The equation for the height of the ball (s) is given as s = 96 + 80t - 4.5t^2.
Setting s equal to zero, we have:
0 = 96 + 80t - 4.5t^2
Now, let's solve this quadratic equation to find the values of t.
Rearranging the equation, we have:
4.5t^2 - 80t - 96 = 0
To solve this quadratic equation, we can either use factoring, completing the square, or the quadratic formula. In this case, let's use the quadratic formula:
t = (-b ± √(b^2 - 4ac)) / (2a)
For our equation, a = 4.5, b = -80, and c = -96.
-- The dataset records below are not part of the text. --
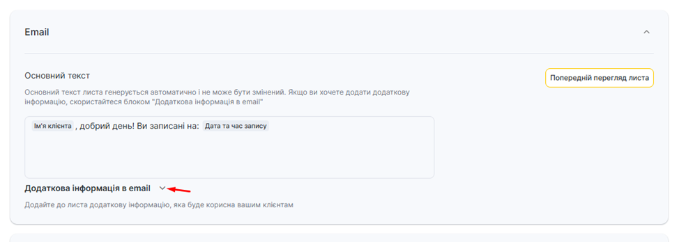 Щоб додати додатковий текст, перейдіть на вкладку Додаткова інформація в Email.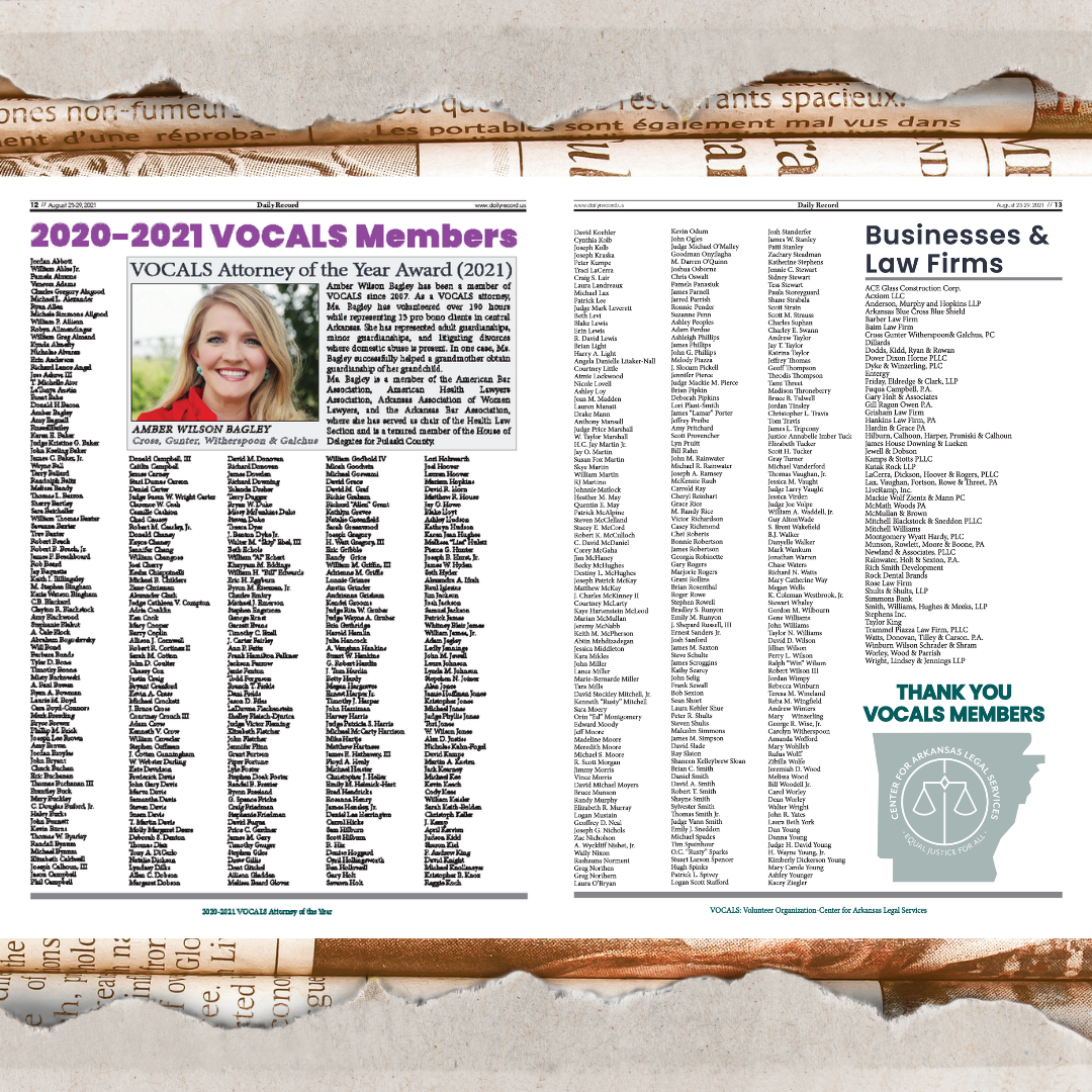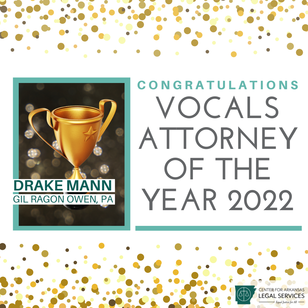 Karie Bryan was the first recipient of the newly renamed Jean Turner-Carter VOCALS Attorney of the Year Award in May 2023. Karie has dedicated, in just the last year, pro bono services to multiple Arkansas Legal clients, providing dozens of hours of service, and using her legal skills to give them not only legal services but hope for the future. Karie represents the new generation of attorneys in our central Arkansas legal community who want to give back, particularly through volunteering as a VOCALS member. She’s a role model for all of us.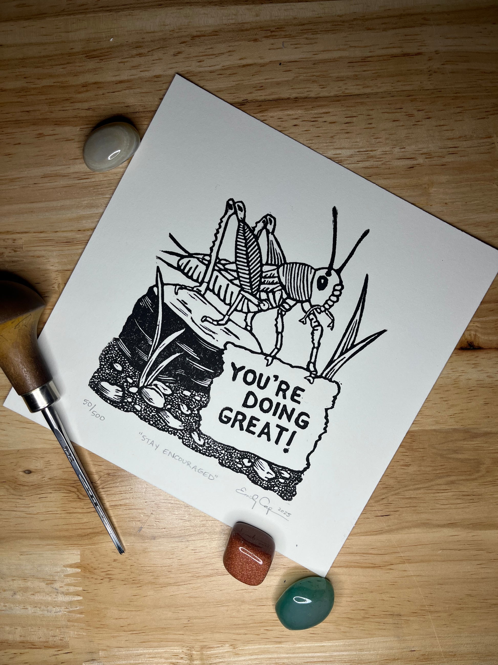 “Stay Encouraged” original linoleum block print - signed edition - cricket print

Plugging these values into the quadratic formula, we get:
t = (-(-80) ± √((-80)^2 - 4 * 4.5 * (-96))) / (2 * 4.5)
Simplifying further:
t = (80 ± √(6400 + 1728)) / 9
Now, let's calculate the values of t:
t = (80 ± √(8128)) / 9
Using a calculator, the square root of 8128 is approximately 90.14.
Substituting this value into the equation:
t = (80 ± 90.14) / 9
Now, let's calculate both possibilities:
t1 = (80 + 90.14) / 9 ≈ 17.8 seconds
t2 = (80 - 90.14) / 9 ≈ -1.1 seconds
Since time cannot be negative in this context, we discard the negative value of t.
Therefore, the ball strikes the ground approximately after 17.8 seconds.